Ralentissement de la croissance en 2025
En 2025, la croissance du PIB devrait ralentir en raison d'une base de comparaison élevée, l'activité s'étant rétablie en 2024 de la sécheresse causée par la forte La Niña de 2023, qui a affecté le secteur de l'énergie et la production agricole. Bien que ce phénomène météorologique se soit à nouveau manifesté au début de l'année 2025, il a été de courte durée et ses effets secondaires ont été beaucoup moins importants qu'il y a deux ans. Par conséquent, les estimations de récolte pour le soja, le maïs et le riz laissent entrevoir une bonne récolte en 2025 (comme en 2024). En revanche, le secteur clé de la viande traverse une période difficile en raison de plusieurs facteurs, dont une crise affectant les sociétés d'investissement en bétail du pays et une baisse significative des abattages. En ce qui concerne le tourisme, la reprise de l'activité en Argentine et l'appréciation du peso argentin en termes réels, devraient augmenter le nombre de voyageurs vers l'Uruguay, en particulier pendant la haute saison estivale du premier trimestre 2025. Du côté de la demande, la consommation des ménages (63 % du PIB) devrait rester le principal moteur de l'activité, mais elle progressera à un rythme plus lent dans un contexte d'inflation moyenne plus élevée et de resserrement des conditions de crédit.

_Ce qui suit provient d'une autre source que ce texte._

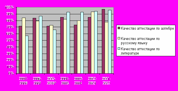 | Качество аттестации по алгебре | 72% | 83,5% | 72,00% | 85,00% | 73,60% | 85,00% | 97,00% |

La banque centrale relève ses taux d'intérêt depuis décembre 2024 (75 points de base supplémentaires en avril 2025, lorsque le taux a atteint 9,25 %). Parallèlement, l'investissement (16% du PIB) devrait se redresser en 2025, soutenu par une base de comparaison faible (baisse de -7% en 2024), liée à l'achèvement du chemin de fer central en 2023. Toutefois, la reprise sera amortie par le resserrement des conditions de financement. La consommation publique (16 % du PIB) devrait également s'essouffler en 2025, avant de se redresser en 2026, lorsque le président Yamandú Orsi augmentera probablement les dépenses sociales au cours de sa première année complète de mandat.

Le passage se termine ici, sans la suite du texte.